Я помотал головой, хотя желудок сводило от голода. Мать приготовила в дорогу обед — жареного цыпленка и лепешки, но в итоге куриная ножка досталась преподобному, а все остальное выклянчил толстый мальчик. Я же слишком волновался и думать не мог о еде.
Мы свернули вправо на Ист-авеню — широкую дорогу, вытянувшуюся вдоль аккуратных палаточных рядов. Я тщетно искал глазами главную палатку, о которой столько писали в газетах: огромный шатер, где поставили тринадцать тысяч стульев, именно там президент Вильсон должен был сказать свою речь в пятницу, четвертого июля. Багряное солнце опускалось за дымчатый западный горизонт, в пыльном воздухе растекался запах примятой травы и нагретого брезента. Нестерпимо хотелось есть, на зубах скрипел песок, в волосах запутался какой-то мусор. Это был самый счастливый момент в моей жизни.
Грузовик пересек лагерь пенсильванских ветеранов, миновал шеренгу полевых кухонь. В сотне ярдов от них, в западном конце Ист-авеню, расположился скаутский штаб.
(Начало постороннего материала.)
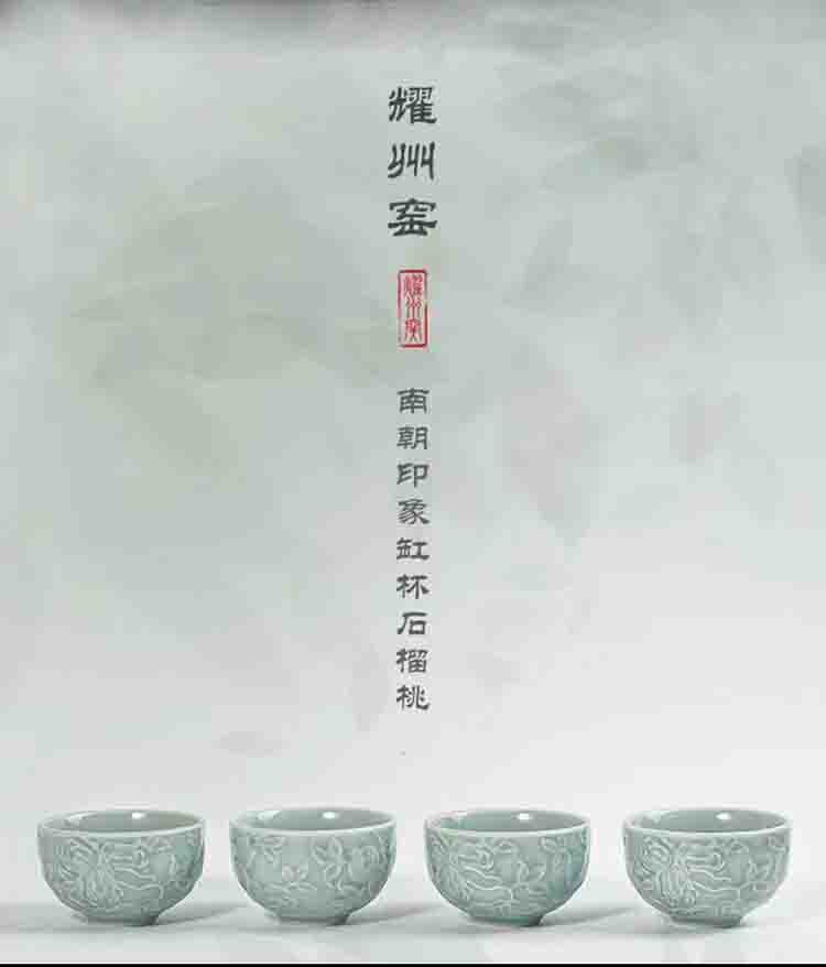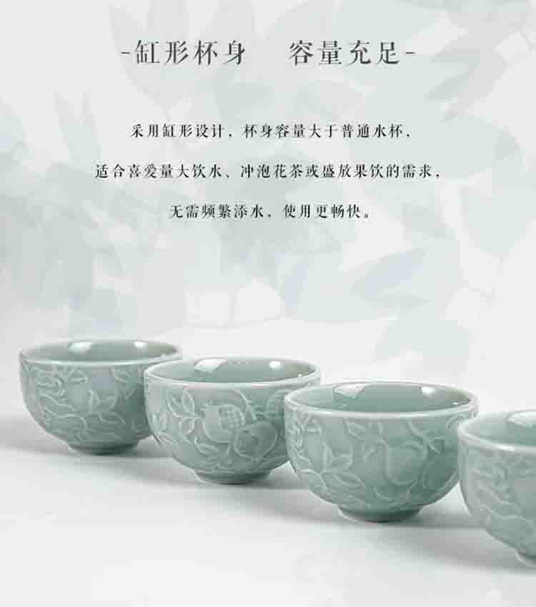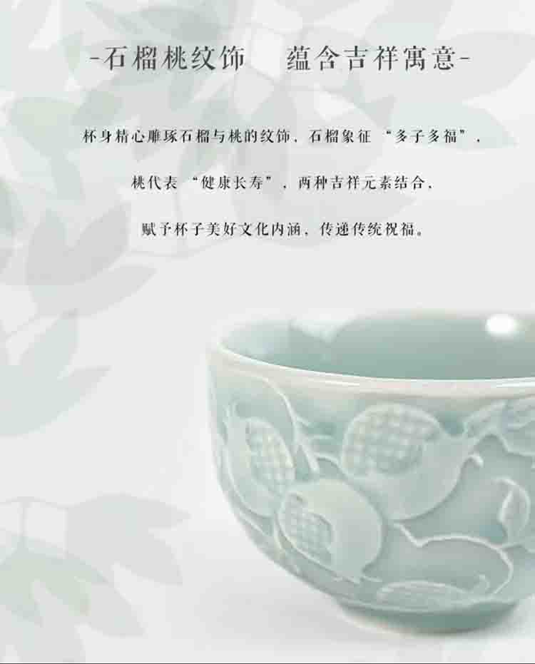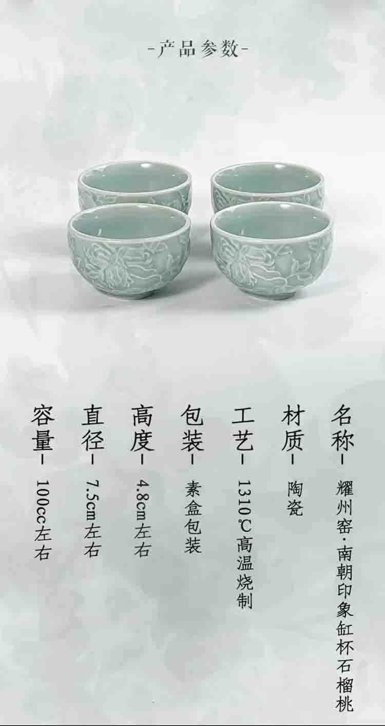 耀州窑南朝印象缸杯石榴桃主人杯功夫茶杯茶具100ml+托 *1套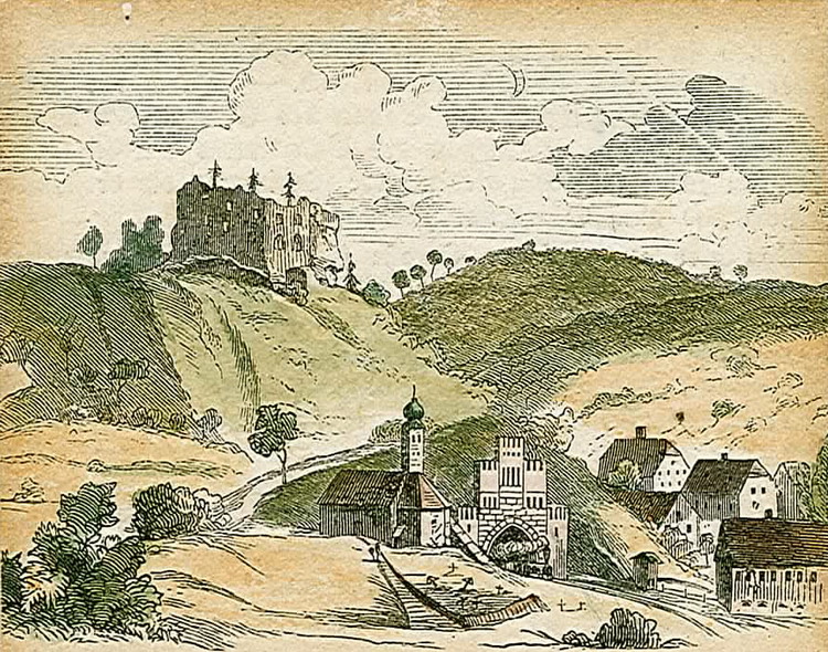 Burgruine, Brücke über den Hochspeyerbach und alte Kirche (Erbaut 1722)

Ходжес показал наши палатки и велел поскорее возвращаться — получить распоряжения на следующий день.
В палатке, оказавшейся невдалеке от уборной, я сгрузил котомку на койку, разложил спальный мешок и вещи и, наверное, немного замешкался, потому что, когда поднял голову, толстый мальчик уже спал на соседней кровати, а Билли и след простыл. Футах в пятидесяти от нас взревел поезд — видимо, геттисбергский или гаррисбергский. Неожиданно меня охватила паника: как же я умудрился отстать? Я бросился в скаутский штаб.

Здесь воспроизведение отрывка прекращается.